The Light That Binds
Title | The Light That Binds PDF eBook |
Author | Rev. Stephen L. Brock |
Publisher | Wipf and Stock Publishers |
Pages | 245 |
Release | 2020-03-30 |
Genre | Religion |
ISBN | 153264731X |
If there is any one author in the history of moral thought who has come to be associated with the idea of natural law, it is Saint Thomas Aquinas. Many things have been written about Aquinas's natural law teaching, and from many different perspectives. The aim of this book is to help see it from his own perspective. That is why the focus is metaphysical. Aquinas's whole moral doctrine is laden with metaphysics, and his natural law teaching especially so, because it is all about first principles. The book centers on how Aquinas thinks the first principles of practical reason, which for him are what make up natural law, function as laws. It is a controversial question, and the book engages a variety of readers of Aquinas, including Francisco Suarez, Jacques Maritain, prominent analytical philosophers, Straussians, and the initiators of the New Natural Law theory. Among the issues addressed are the relation between natural law and natural inclination, how far natural law depends on knowledge of human nature, what its obligatory force consists in, and, above all, how it is related to what for Aquinas is the first principle of all being, the divine will.

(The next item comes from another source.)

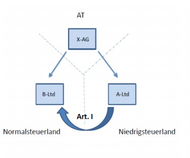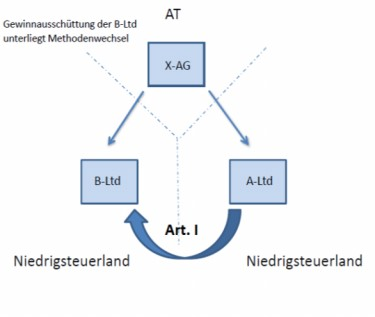 - auf die ausländische Gesellschaft Auslandsvermögen (zB Betriebsstätte, unbewegliches Vermögen) übergeht, das mangels eines DBA oder aufgrund eines DBA mit Anrechnungsmethode mit dem Lagestaat vor der verschmelzungsbedingten Übertragung in Österreich besteuert werden konnte;

Sacred Polities, Natural Law and the Law of Nations in the 16th-17th Centuries
Title | Sacred Polities, Natural Law and the Law of Nations in the 16th-17th Centuries PDF eBook |
Author | |
Publisher | BRILL |
Pages | 361 |
Release | 2022-01-10 |
Genre | Philosophy |
ISBN | 9004501789 |
A fresh look at the importance of natural and international law in the religious politics at the heartlands of the Reformation, from the Low Countries, the German principalities up to Transylvania; from Niels Hemmingsen to Gian Battista Vico; from religious reasons for the universalist claims of natural law to political arguments for the sacred polity, their tension and creative potential.